I agree,pfvincent,and you haven't even mentioned costs. Why would I use a mobile at exorbitant cost?
I suspect cyberdoyle is one of those types that use their mobile all day long so it makes sense to have a contract with free calls. Trouble is such people think everybody is like them. For those of us that don't spend half their life on their mobile it makes sense to have a PAYG mobile for emergencies but the cost is prohibitive for routine calls of any length.
Posted by TheEulerID about 1 year ago
@BBSlowcoach

In choosing natural gas, you made a rather silly choice as it undermines your whole argument. There are many places where natural gas was not an option because the gas grid never got that far for precisely the same reason. It was too costly to connect. That applies to other infrastructure services to some extent or another like rail, sewerage and bus services.
Posted by BBSlowcoach about 1 year ago
In response to TheEulerID, I chose the gas analogy to show that where there is a strong political will there is a fast an effective outcome. How much better this country would now be economically if politicians had agreed a programme of FTTP in the way that it was necessary to convert all gas appliances to natural gas to facilitate the switch from coal to natural gas. Even at 2.5 times the national aspirational minimum speed I often suffer crashes due to lack of band width. Any business, however small, trying to set up in my area hasn’t a hope.
Posted by andrew (Favicon staff member) about 1 year ago
The will did not extend to all households, since plenty still have no access to gas and some still have no mains sewage.
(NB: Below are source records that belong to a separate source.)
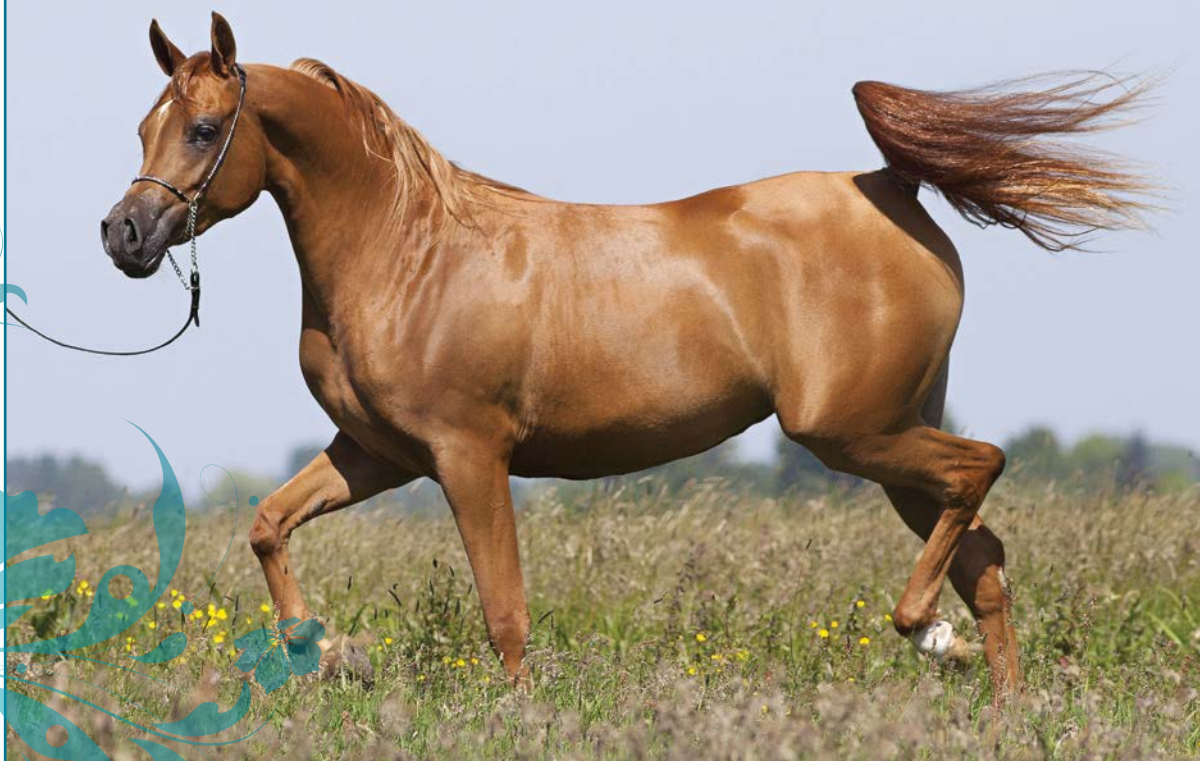
Vekaisa F (Kais x Veronia F By Abakan)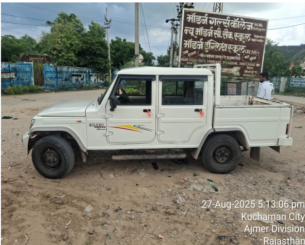
27-Aug-2025 5:13:06 pm Kuchaman City Ajmer Division Rajasthan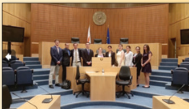
Students touring the House of Representatives of Cyprus.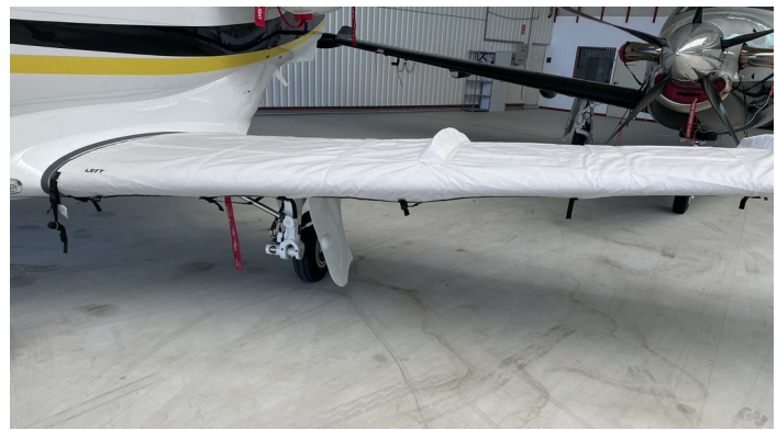
Embraer Phenom 100 Canopy/Nose Cover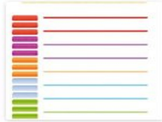
Basic To-Do List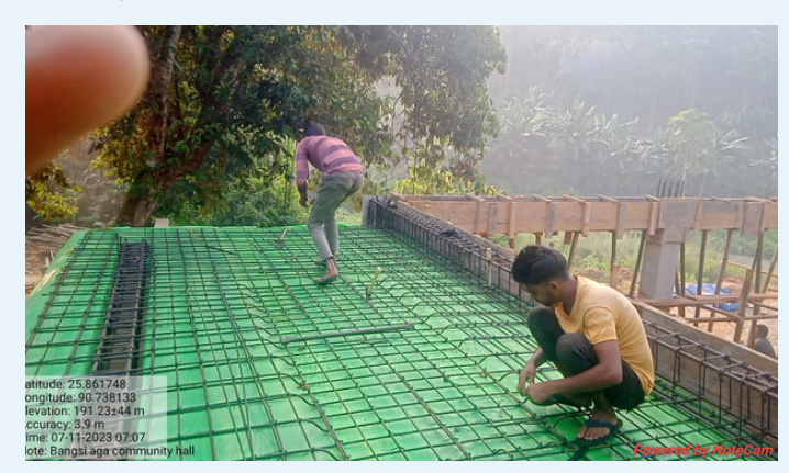
Bangsi Aga village.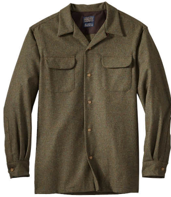
7/25 RA335-28172 AA826-28172 Tall Peat Moss Mix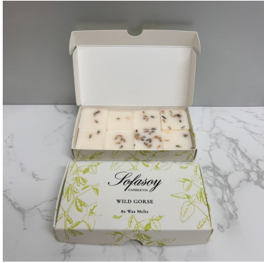
(SO119) SCENT - WILD GORSE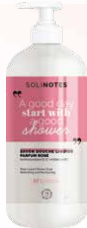
SHOWER SOAP FACE AND BODY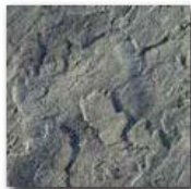
Seamless Blue Stone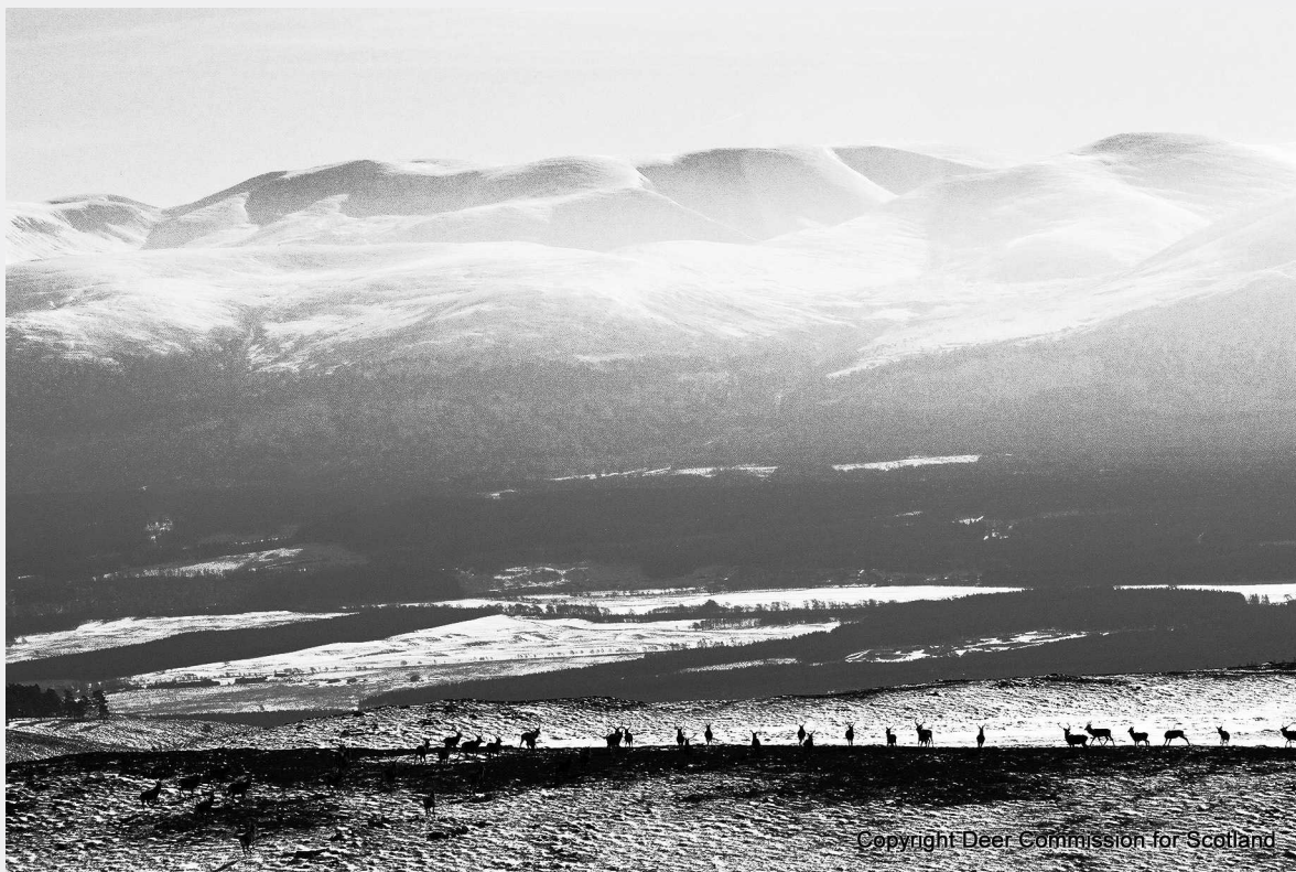
FIGURE 1 Red deer on Alvie Estate in the Cairngorms.

These efforts have led to the development of detailed maps of a continuum of wildness in the 2 national parks in conjunction with the on-going delineation of core areas of wild land and development of planning guidance. More recently, Scottish Natural Heritage has used this methodology to develop maps of wildness for Scotland as a whole. These were completed in 2012 and represent a landmark, with Scotland leading the way in producing Europe's most accurate and detailed maps of wildness.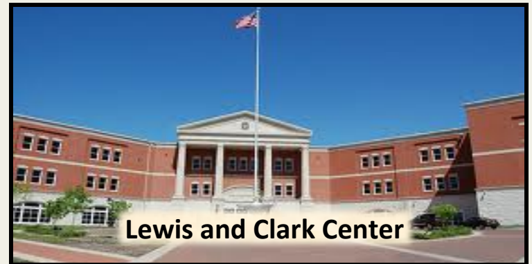
Lewis and Clark Center

All symposium activities will be conducted at the Lewis and Clark Center. Lunch is not provided.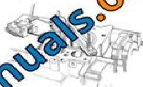
Fig. 8-10—Checking cylinder bore diameter

A small hole is drilled through the block into the middle grommet to the crankside of coolant leakage point.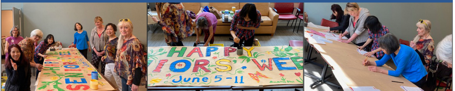
Art Students from the art class make a poster to hang for Seniors Week. It was great fun working together.

Membership fees, a mere $10/year - JOIN Now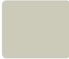
Antique Ash 3411 New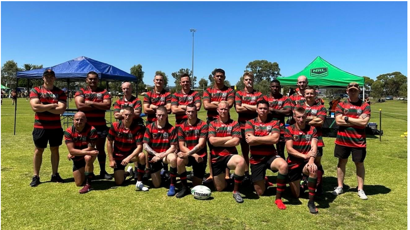
The 1st Armoured Regiment Rugby team (with support from their mates at 7 RAR and 11 SQN, RAAF) participated in the Harmony Cup Rugby League 9's Carnival on Sunday, 19th of February 2023. Scoring 64 points during the pool stages and earning themselves a spot in the Quarter Final, they were unfortunate to go down 24 – 10 against the Pacific Island All Stars. Well done!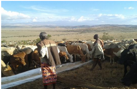
Community cattle being fed

Borana will continue engage NDMA through LWF on additional supplementary feeds to mitigate serious livestock 'losses in the pastoral communities adjacent to Borana.

Crashes? One presume you mean dips in speed, in which case it may not be the broadband, but might be the choice of provider and the bandwidth allocations at peak time.
Posted by ukwoody about 1 year ago
No mains gas within 4 miles, no mains sewerage, virtually no mobile coverage, good but somewhat bubbly water supply, a phone line that crackles like hell because its 7km long,to an exchange that doesn't even have adsl2+ It's due to be FTTC later this year, but apparently about 60% of the lines are like mine which are EO. I live in a village in Wales with 20 properties. Having spoken to Superfast Cymru there isn't much likelyhood of anything for us for at least 2 years. Yet we're only 3.5 miles from the main county town.

Posted by BBSlowcoach about 1 year ago
The 'will' I refer to was to those on the main gas supply. The same 'will' could have been used to those with a live telephone connection as at a certain date. The crashes I refer to could be software related but they are same behaviour as when I knew my speed was intermittent @ best. It was fixed in 2013 by TalkTalk/Openreach. Since then at every check it has been steady around 5.6mbps. Crashes/outages/cutoff's still happen & not always when I have multiple tabs open. Deep sympathy for ukwoody. To lucy121 don't be tempted to spend it all at once.
Posted by chrysalis about 1 year ago
The line rental doesn't tell the whole story cost of calls on fixed lines has also turned horrific with connection charges etc.
Posted by chrysalis about 1 year ago
For me if EE 4G drops to 50gig usage below £40 (with also mins etc. in price) or 100 gig for under £50, I would seriously consider ditching all my fixed line services.